Politique sur le dos des morts

Beaucoup d’émotion, hier, lors de l’hommage national rendu à Aurélie Fouquet en présence du président de la République. Même si certains aspects de cette affaire sont encore ténébreux, le temps n’est pas à la polémique, mais au recueillement.

croix-dattelle_dominiqueetcompagnie.1274946149.jpgCela m’a rappelé d’autres morts, dans d’autres circonstances.

C’était le 31 mai 1983, lors d’un banal contrôle d’identité, avenue Trudaine, à Paris. Plusieurs individus dans une voiture ouvrent le feu sur les policiers. Deux meurent sur le coup et le troisième est grièvement blessé. Deux jours plus tard, un motard interpelle un jeune homme pour vérifier son permis de conduire, il est tué d’une balle dans le dos.

Trois morts et un blessé grave en quelques jours.

Lors de la cérémonie dans la cour de la préfecture de police, le ministre de l’Intérieur, Gaston Defferre, et le secrétaire d’État à la Sécurité publique, Joseph Franceschi, sont accueillis par des huées et des sifflets. Certains policiers, à leur passage, leur tournent même ostensiblement le dos.
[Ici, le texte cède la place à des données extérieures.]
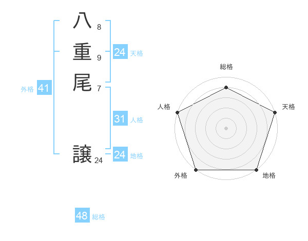 八重尾 譲さんを姓名の画数から五運を鑑定

Après le cérémonial, ils se retrouvent dans la rue et marchent en direction de la place Vendôme pour hurler leur désaccord avec la politique pénale menée par Robert Badinter. La Chancellerie est protégée par quelques dizaines de gardiens de la paix, qui mettent képi bas, et par deux escadrons de la gendarmerie.
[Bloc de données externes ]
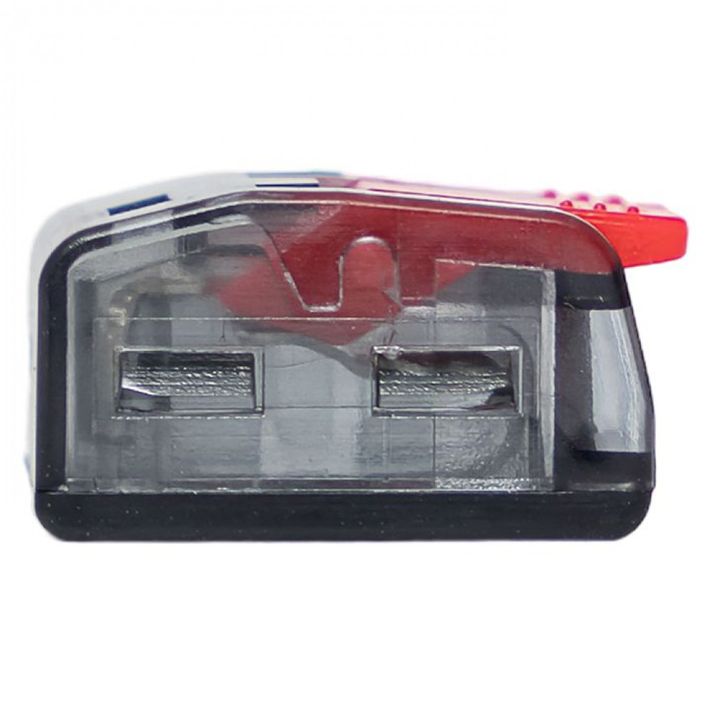 Рычажная клемма, соединительная, универсальная, 2 полюса, сечение проводника 0,08 - 4,0 мм кв., 250V, 32A,цвет корпуса: прозрачный, цвет рычагов: синий,в упаковке 50 штук (Аналог 221-412)

Les policiers estiment qu’ils sont lâchés par le pouvoir en place et que les nouvelles lois, trop permissives, vont les empêcher de faire leur travail normalement. Et même si  personne n’en parle haut et fort, ils sont beaucoup à penser que la suppression de la peine de mort ne va pas arranger les choses. Pour certains, il s’agit d’un véritable message de faiblesse vis-à-vis des criminels…

À la suite de cette manifestation, les sanctions vont tomber. À tous les niveaux : le préfet de police démissionne, le directeur général est remercié, sept policiers sont suspendus et deux représentants syndicaux révoqués.

Mais la gauche au pouvoir tient compte de l’avertissement. C’est le tocsin de l’angélisme et le dur retour à la réalité.

Et pourtant, même si l’émotion qui a suivi la mort de ces policiers est parfaitement compréhensible, avec le recul, on peut se dire que leur réaction était exagérée, et qu’en fait, ils se sont fait manipuler.

En effet, depuis la mairie de Paris, Jacques Chirac se prépare déjà pour les élections présidentielles. Il a créé auprès de lui une cellule, une sorte de « ministère de l’Intérieur fantôme », comme l’appelle le regretté Philippe Madelin dans son livre La guerre des polices (Albin Michel), cellule dirigée par un commissaire et placée sous la houlette de Robert Pandraud.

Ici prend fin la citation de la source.